The road passes through the towns of Quilpie, Windorah, Bedourie, Boulia, and Dajarra in its 1344 kilometer length, and most of it is sealed. Some sections between Windorah and Boulia are unsealed. The section from Boulia to Mount Isa is also known as the Boulia Mount Isa Highway and the section from Bedourie to Boulia is also known as the Boulia Bedourie Road. The section from the Eromanga boundary to the Windorah CBD is also known as the Quilpie Windorah Road.

The road crosses several well known rivers and creeks of the Channel Country of south-west Queensland, including the Paroo River, Bulloo River, Cooper Creek and Diamantina River.

==Responsible authority==

Maintenance of the road is the responsibility of the Queensland Government.

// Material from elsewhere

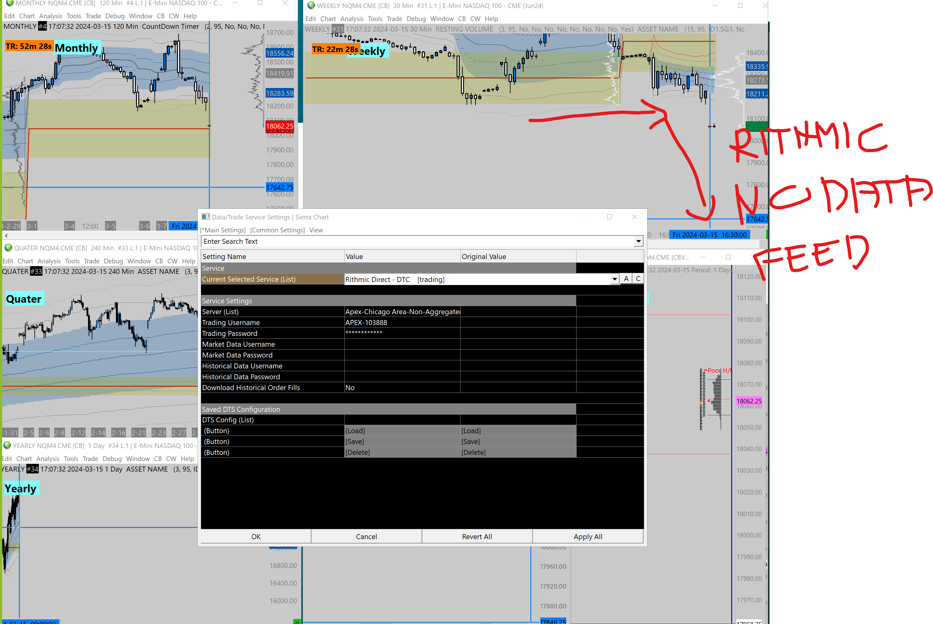 Hi, I bought the denali data feed (you can see the attachment piece) I connect my apex datafeed throught ritmic and I lost all the datafeed when sierrachart is closed. And if I remove the rytmic datafeed I cannot take the trade for the Apex test Could you help me to use denalidatafeed and to trade for the Apex test ? |

==Northern Australia Beef Roads upgrade==
The Northern Australia Beef Roads Program announced in 2016 included the following project for the Diamantina Developmental Road.

===Rehabilitation and widening===
The project to rehabilitate and widen the road from Boulia to Dajarra was completed in mid 2019 at a total cost of $5 million.

==Other upgrades==
===Widen narrow seal===
A project to widen the narrow seal on almost 3 km of road immediately south of Boulia, at a cost of $2.145 million, was completed in June 2021.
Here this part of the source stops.